The compounds 1, 2 and 3 were spotted on RP-HPTLC plate along with ESME and the peak areas were measured to find out its concentration (µg/mg of dried extract) in ESME.

2.2.5. Statistical analysis

It was carried out by ANOVA (one-way analysis) and Dunnet’s test for the evaluation of overall variation in a set of data. Results expressed in mean ± SD. P < 0.05 considered as significant.

3. Results and discussion

3.1. Antioxidant activity

ABTS assay is frequently employed to measure the antioxidant capacities of natural products.
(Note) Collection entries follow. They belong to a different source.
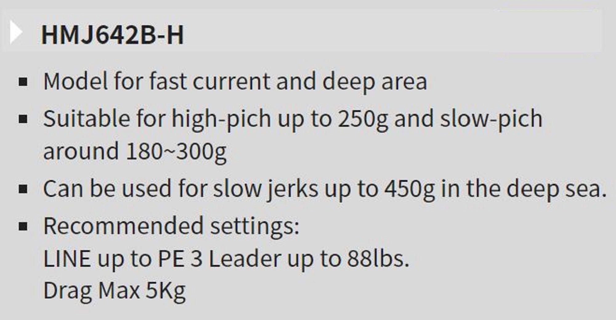 Lure: High150-250grams;Slow200-450grams
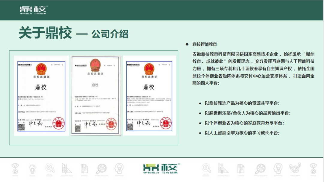 通过创新的商业模式和赋能体系,帮助合伙人实现零风险、高收益的创业目标。通过经营用户需求,打破传统教培机构的局限,鼎校甄选为家长和孩子提供长期的教育解决方案,同时为合伙人创造了可持续的盈利模式。
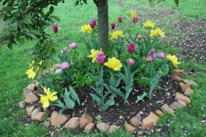 Here is a mix of multi-colored tulips in the mixed Front Border.

Fig. 2 shows ABTS radical scavenging activity of compound 1 and standard BHA. The compound 1 exhibited 78.00 ± 2.80% scavenging property comparable with BHA (98.20 ± 4.60%) at 100 µg/mL concentration. The IC₅₀ value (µg/mL) for compound 1 and BHA were found as 58.90 ± 3.40 and 28.70 ± 5.20, respectively.

Compound 1 exhibited 82.90 ± 4.30% (IC₅₀: 47.20 ± 4.90 µg/mL) DPPH free radical scavenging property at 100 µg/mL compared to BHA 93.4 ± 1.6% (IC₅₀: 34.50 ± 6.20 µg/mL) (Fig. 3). The antioxidant property of compound 1 found to increase with its increased concentration. The hydrogen or electron donated to DPPH leads to its reduction and change in its color from violet to yellow. The ability of a substance to carry out such reaction will be considered as antioxidants (Bondet et al., 1997). It is observed that several compound such as ascorbic acid, tocopherol, glutathione, pyrogallol, gallic acid and aromatic amines etc. act as hydrogen donors and decolorize 1,1 diphenyl 2 picrylhydrazyl (Blois, 1958). Several scientific reports proved the correlation between the antioxidant potential of vegetables and fruits and their total phenol contents (Deighton et.al., 2000).

3.2. Antidiabetic effect

The compound 1 inhibitory property against α-amylase and α- glucosidase was evaluated and compared with acarbose. Compound 1 showed modest inhibitory effect against α-amylase (IC₅₀: 128.34 ± 12.30 μg/mL; Fig. 4) and α-glucosidase (IC₅₀: 89.20 ± 9.20 μg/mL; Fig. 5) compared to acarbose (IC₅₀: 64.20 ± 5.60 and 52.40 ± 4.60 µg/mL, respectively) given in Table 1, which is in accordance with data recently published on the inhibitory property of flavonoids against α-amylase and α-glucosidase (Kim et al., 2000). The α-Glucosidase is a renowned catalyzing enzyme used in carbohydrate digestion and glucose release. Inhibiting the action of α- glucosidase will delay the absorption of glucose and lowers the postprandial blood glucose level, which leads to the suppression and progression of Diabetes mellitus. Although, compound 1 in this experiment demonstrated average inhibitory property on both the enzymes but it required further research to clarify their potential selective α-amylase and α-glucosidase activities.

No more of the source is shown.